Now that I have Git data streaming into HDFS via Flume, I decided to tackle a question I always find interesting: how isolated are Git commits? In other words, does a typical Git commit touch only one part of a repository, or does it touch files in several parts of the code? If you work in a component based architecture then you’ll recognize the value of detecting cross-component activity.

I decided to use Pig to analyze the data, and started by ingesting data with HCat.

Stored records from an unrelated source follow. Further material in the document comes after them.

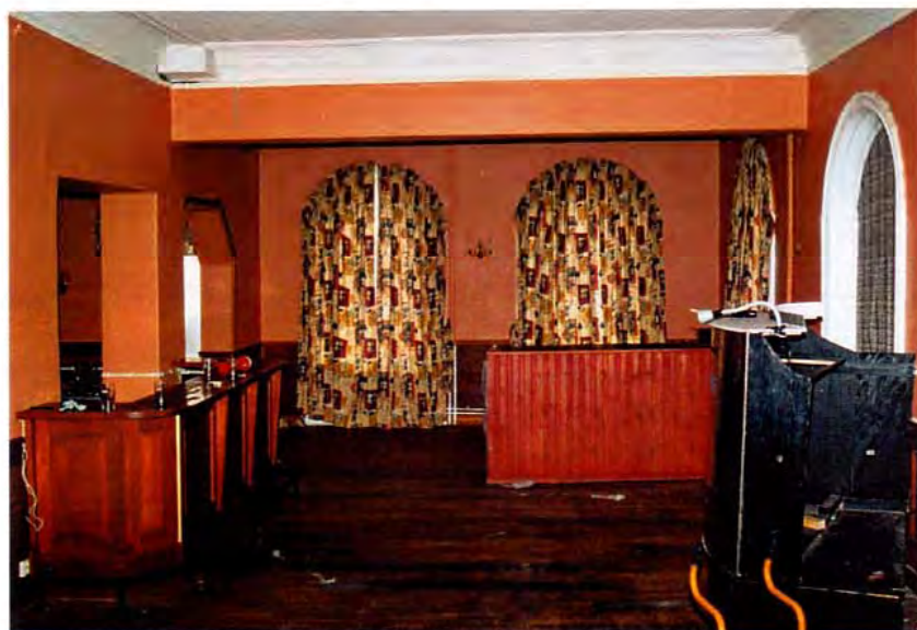
F.d. cafélokalen. Fönster med smygpanel, putsad, profilerad taklist.

Flygeln mot Kyrkogatan har mittkorridor omgiven av resanderum som till stor del präglas av en modernisering omkring 1940. Ursprungliga detaljer i form av fönsterfoder finns dock kvar. I hörnrummet med fönster mot både torget och Kyrkogatan finns dessutom smygpanel och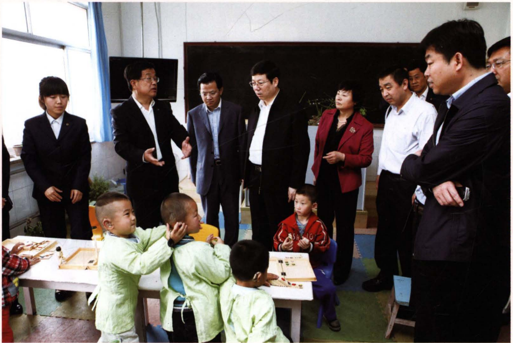
2012年5月，滨州市副市长张兆宏（左四）在博兴县特校指导工作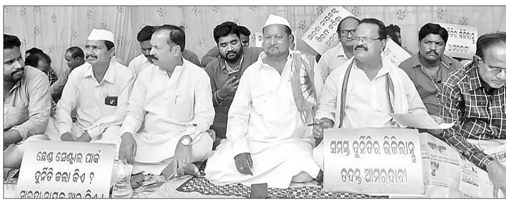
ସେଣ୍ଟ୍ରାଲ ପାର୍କ ଦୁର୍ନୀତିର ଉଚ୍ଚାଦାନ ଉପରେ ବିରୋଧ କରାଯିବ ବୋଲି କଂଗ୍ରେସର ଘୋଷଣା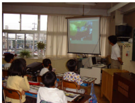
図14 インターネットで確認する

予報した天気をインターネットの定点カメラで実際に現在の天気の様子をしてみるという確かめを行った。(図14)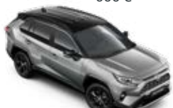
2QY Strieborná – zirkónová so strechou v čiernej farbe*** Dvojfarebný lak pre výbavu Selection 600 €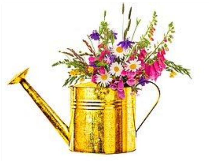
Die Stadt Iserlohn vergibt im Rahmen des Projektes Iserlohn blüht auf die Goldene Gießkanne für vorbildliche Gärten.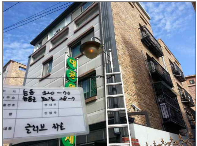
보안등분야 적출내용: 보안등 글로브 파손 (도로과) 적출위치: 능동로32길 28-7 (능동 320-70)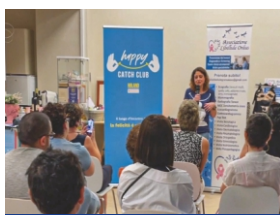
seminari & incontri

Le terapie mettono a dura prova il fisico e spesso non è facile per le pazienti guardarsi allo specchio e ritrovare sé stesse; è difficile anche rilassarsi, sopportare i dolori, superare la stanchezza, accettare il fatto che è tutto diverso, tutto è cambiato. È difficile organizzare i pasti, scegliere i piatti giusti e ricominciare a cucinare per la famiglia. Non è facile sentirsi di nuovo bene nel proprio corpo, rimettersi in forma e ritrovare la forza fisica, superare i momenti più duri. La «Casa delle Libellule» diventa quindi uno spazio dove ritrovarsi in cui, oltre ai servizi socio-sanitari, si alternano appuntamenti da mettere in calendario realizzati in collaborazione con esperti e specialisti per contrastare gli effetti collaterali delle terapie oncologiche, ma anche seminari e workshop, corsi e lezioni per imparare, attività sociali, ricreative e manuali mirate al recupero della vita. Vogliamo che tutte le Libellule possano rinascere e riprendere il volo.

hcat -e "CREATE TABLE GIT_LOGS(time STRING, author STRING, \
  repo_id STRING, action STRING, rev_type STRING, ref_type STRING, \
  ref_name STRING, old_rev STRING, new_rev STRING, blobs STRING, paths STRING) \

Now for the fun part – some Pig Latin! Actually detecting cross-component activity will vary depending on the structure of your code; that’s part of the reason why it’s so difficult to come up with a canned schema in advance. But for a simple example let’s say that I want to detect any commit that touches files in two component directories, modA and modB. The list of file paths contained in the commit is a comma delimited field, so some data manipulation is required if we’re to avoid too much regular expression fiddling.

-- load from hcat
raw = LOAD 'git_logs' using org.apache.hcatalog.pig.HCatLoader();

-- tuple, BAG{tuple,tuple}
-- new_rev, BAG{p1,p2}
bagged = FOREACH raw GENERATE new_rev, TOKENIZE(paths) as value;
DESCRIBE bagged;

-- tuple, tuple
-- tuple, tuple
-- new_rev, p1
-- new_rev, p2
bagflat = FOREACH bagged GENERATE $0, FLATTEN(value);
DESCRIBE bagflat;

-- create list that only has first path of interest
modA = FILTER bagflat by $1 matches '^modA/.*';

-- create list that only has second path of interest
modB = FILTER bagflat by $1 matches '^modB/.*';

-- So now we have lists of commits that hit each of the paths of interest.  Join them...
-- new_rev, p1, new_rev, p2
bothMods = JOIN modA by $0, modB by $0;
DESCRIBE bothMods;

-- join on new_rev
joined = JOIN raw by new_rev, bothMods by $0;
DESCRIBE joined;

-- now that we've joined, we have the rows of interest and can discard the extra fields from both_mods
final = FOREACH joined GENERATE $0, $1, $2, $3, $4, $5, $6, $7, $8, $9, $10;
DUMP final;

As the Pig script illustrates, I manipulated the data to obtain a new structure that had one row per file per commit. That made it easier to operate on the file path data; I made lists of commits that contained files in each path of interest, then used a couple of joins to isolate the commits that contain files in both paths. There are certainly other ways to get to the same result, but this method was simple and effective.

In A Picture

A simplified data flow diagram shows how data makes its way from a Git commit into HDFS and eventually out again in a report.

Data Flow

Data Flow

What Next?

This simple example shows some of the power of putting Git data into Hadoop. Without knowing in advance exactly what I wanted to do, I was able to capture some important Git data and manipulate it after the fact. Hadoop’s analysis tools make it easy to work with data that isn’t well structured in advance, and of course I could take advantage of Hadoop’s scalability to run my query on a data set of any size. In the future I could take advantage of data from other ALM tools or authentication systems to flesh out a more complete report. (The next interesting question on my mind is whether commits that span multiple components have a higher defect rate than normal and require more regression fixes.)

Using Hadoop for Git data mining may seem like overkill at first, but I like to have the flexibility and scalability of Hadoop at my fingertips in advance.